Cell Culture and Treatment

A-375 melanoma cell line was purchased from the Cell Bank of the Chinese Academy of Sciences (Shanghai, China). The cells were cultured in DMEM medium (PromoCell) supplemented with 10% fetal bovine serum (FBS, Sijiqing) at 37°C in a humidified incubator with 5% CO2. Cell transfection was performed using the Lipo8000TM transfection reagent (Beyotime) according to the manufacturer's protocol. Briefly, cells were seeded in six-well plates (Corning) and grown to a cell density of 30% and then transfected and cultured at 37°C for a further 48h, followed by harvesting for quantitative reverse-transcription polymerase chain reaction (qRT-PCR) and other experiment.

RNA Extraction and qRT-PCR

Total RNA from approximately 1×106 cells were isolated using TRIzol reagent (Pufer, Shanghai, China) according to the manufacturer’s protocol. The primer sequences used for qRT-PCR were as follows: HSPA4 forward-5’GCAGACACCAGCAGAAAATAAGG-3’, Reverse: 5’-TCGATTGGCAGGTCCACAGT-3’; for ACTB: Forward: 5’-CATGTACGTTGCTATCCAGGC-3’, Reverse: 5’-CTCCTTAATGTCACGCACGAT-3ʹ (Biomed, China). QRT-PCR parameters were: 95°C 3 min; (95°C 10s, 55°C 30s, and 72°C 32s) × 40 amplification cycles. Relative expression levels were normalized to internal controls and calculated according to the 2−ΔΔCT method.

CCK8 Assay

In each experiment, the logarithmic growth phase of cells was trypsinized and resuspended overnight in complete culture medium. At the scheduled time, cell proliferation was measured using the Cell Counting Kit-8 (CCK-8) reagent (APEXBIO, USA), following the manufacturer’s protocol.
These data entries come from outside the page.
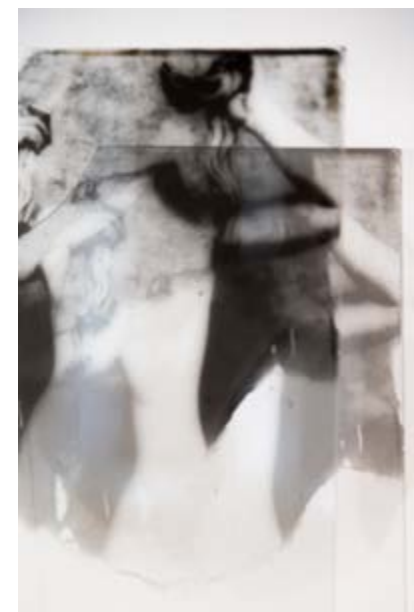
Série de photographies à la gélatine argentique tirée sur verres brisés, étagère en chêne brut, épingles, exposition l'Âtre et le Néon, Galerie Albert Bourgeois, Fougères , 2021
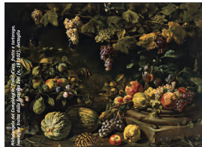
Michelangelo del Campioglio, "Tralci d'uva, frutta e tartaruga", immagine tratta dalla "Poesia Zen" (n. 16/1902), dettaglio
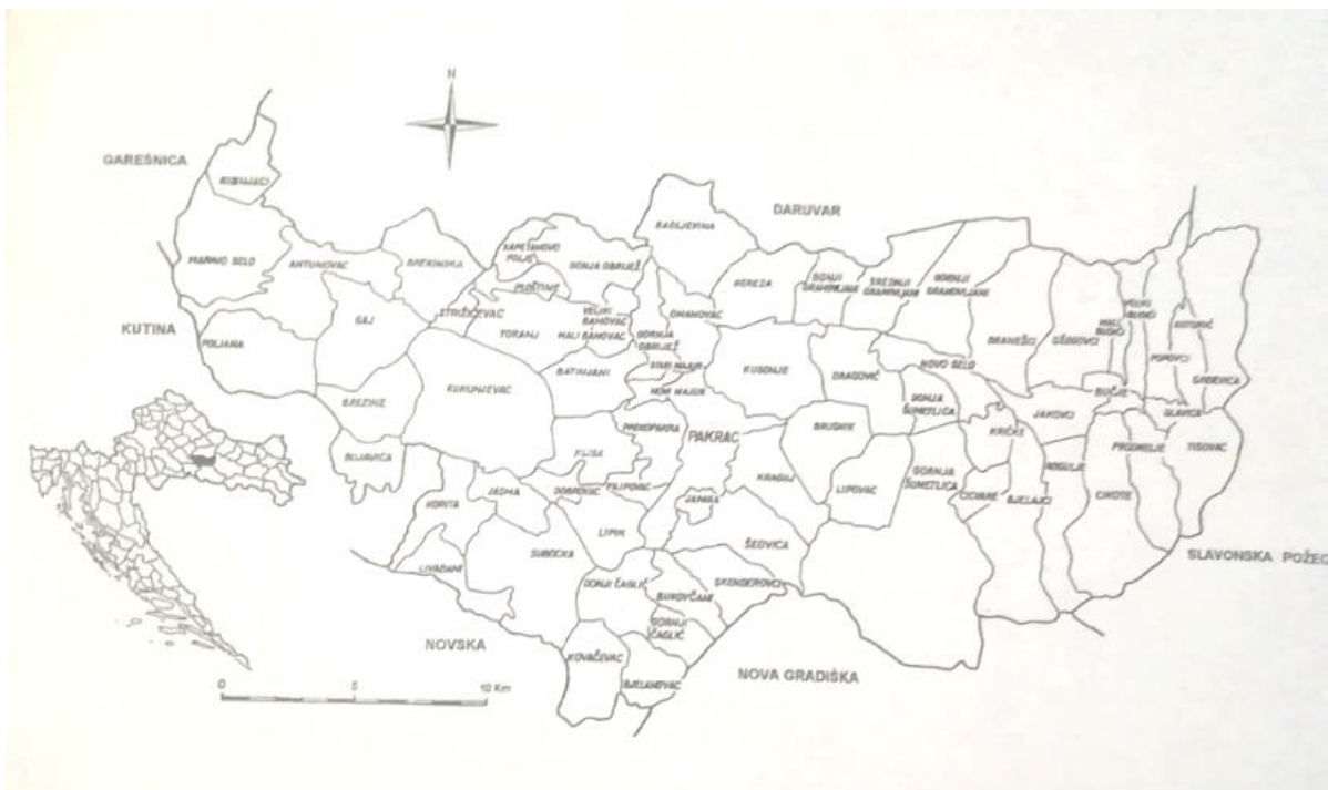
Slika 4. Karta općine Pakrac

Općina Pakrac je brojala 27 589 stanovnika od kojih je 12 813 bilo Srba, Hrvata je bilo 9 896, Jugoslavena 1 346 i ostalih 3 534. U postocima je to 46,4% Srba, 35,9% Hrvata, dok su ostali zauzimali 17,6% udjela u stanovništvu. Još jedna bitna stavka ovog područja je raspodjela naselja po većinskoj etničkoj pripadnosti. Općina Pakrac brojala je 68 naselja u kojima su Srbi bili većina u njih 46, dok Hrvati u njih 15, ostale su nacionalnosti bile većinske u pet naselja dok su najveća naselja Pakrac i Lipik bili etnički relativno većinski srpska naselja. 18

The optical density was read at 450 nm using a microplate reader (Molecular Devices).

Genetic Alteration of HSPA4 in Patients with CMM

To investigate the genetic variations of HSPA4 in CMM, an analysis of HSPA4 gene alterations was performed in 622 patients with CMM using the cBioPortal database (https://www.cbioportal.org/).26 These patients were derived from three datasets, including Melanoma (MSKCC, NEJM 2014), Metastatic melanoma (DFCI, Science 2015), and Skin cutaneous melanoma (TCGA, PanCancer Atlas).
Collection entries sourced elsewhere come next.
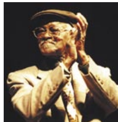
Applaus: Ibrahim Ferrer beehrt den Jazzsommer UTRI
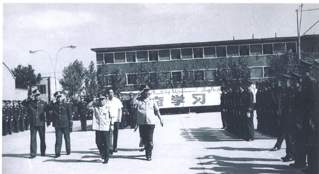
公安厅长薛光，总队长卫尚德检阅毕业学员（1987年7月）
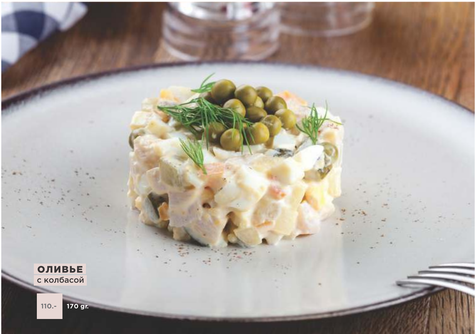
ОЛИВЬЕ с колбасой
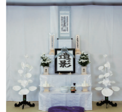
後飾り/中陰飾り棚・ 写真立て・生花・白蓮
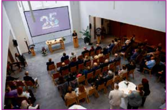
Mit einem Festakt in der Genezareth-Kirche feierte die Diakonie Aachen ihr 25-jähriges Jubiläum
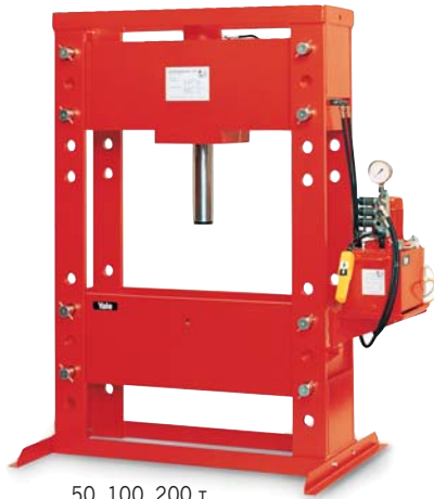
50, 100, 200 т
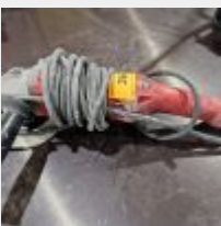
Lot n° 36 Polisseuse MILWAUKEE (fonctionne au 21/11) Mise à prix : 40€
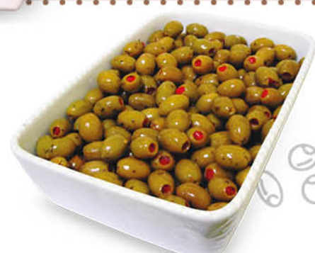
OLIVE GIGANTI FARCITE
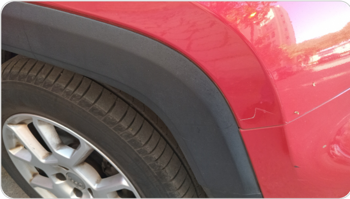
الرفرف الأمامي يمين : فبريكة (خرايش)
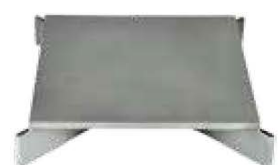
Plattenrost - P
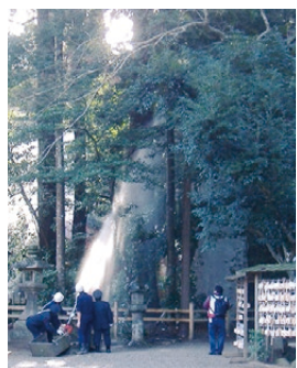
▲樹叢への放水訓練

DNA Methylation of HSPA4 in CMM

The MethSurv database (https://biit.cs.ut.ee/methsurv/) was utilized to analyze the DNA methylation levels of the HSPA4 gene in CMM in TCGA database.27 Additionally, the prognostic value of HSPA4 CpG methylation was assessed.
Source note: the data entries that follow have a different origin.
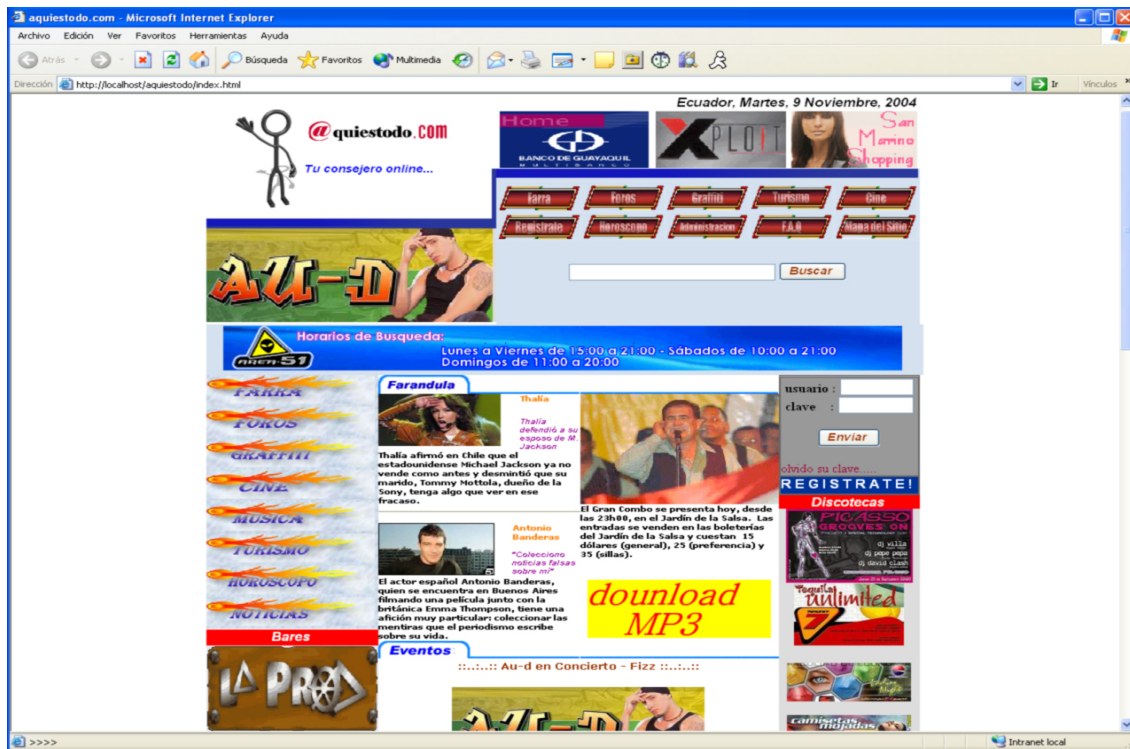
Fig. 1 Pantalla de Principal

En forma resumida presentamos cuales son las funciones principales del Sitio Web de CONSEJERO, ya que este fue desarrollado con la finalidad de informar al usuario todas las facilidades en las opciones que el escoja, entre ellas tenemos las siguientes opciones:
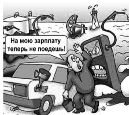
● НА РИС.: СТАНУТ БОЛЬШЕ ХОДИТЬ ПЕШКОМ

ные кредиты, наращивая производственные мощности. Например, как сообщили «Московские новости», Антипинский НПЗ, расположенный в Тюмени, привлекает зарубежный кредит на сумму 750
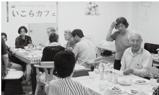
「いこらカフェ」…地域の皆さんとの交流をめざして中之島いこら会館で開きました。定期的に行いたいと思っています。

マップをもとに、これからつながりたい組織や人とはどのようにしたらつながりができるかを話し合い、行動を起こします。こうして実際につながりをつくっていくことができれば地域に強力な支え合いのネットワークを生み出すことができます。

Correlation Analysis of HSPA4 with Immune Cell Infiltration

We used the GSVA package to analyze and visualize the relationship between HSPA4 expression and immune infiltration in melanoma using a lollipop plot. Patients with CMM were divided into two groups according to the median expression level of HSPA4: HSPA4 low- and high-expression groups. The stromal score, immune score, and ESTIMATE score between the two groups were evaluated using estimate algorithm. Stromal score is an indicator that assesses the content and composition of the extracellular matrix in tumor tissue.28 A high stromal score may indicate that immune cells have difficulty entering the tumor, resulting in a potentially lower response to immunotherapy. Immune score is an indicator that evaluates the level of immune cell infiltration in tumor tissue.29 A higher immune score represents a greater number of immune cells entering the tumor tissue, suggesting a better immune response and prognosis. ESTIMATE score takes into account both stromal score and immune score, providing a comprehensive indicator for evaluating immune infiltration.30 The estimate of the stromal score, immune score, and estimate score between the two groups can indicate the relationship between HSPA4 gene expression and immune infiltration in melanoma and further explore its potential role in tumor treatment. Statistical significance was considered with a P-value <0.05.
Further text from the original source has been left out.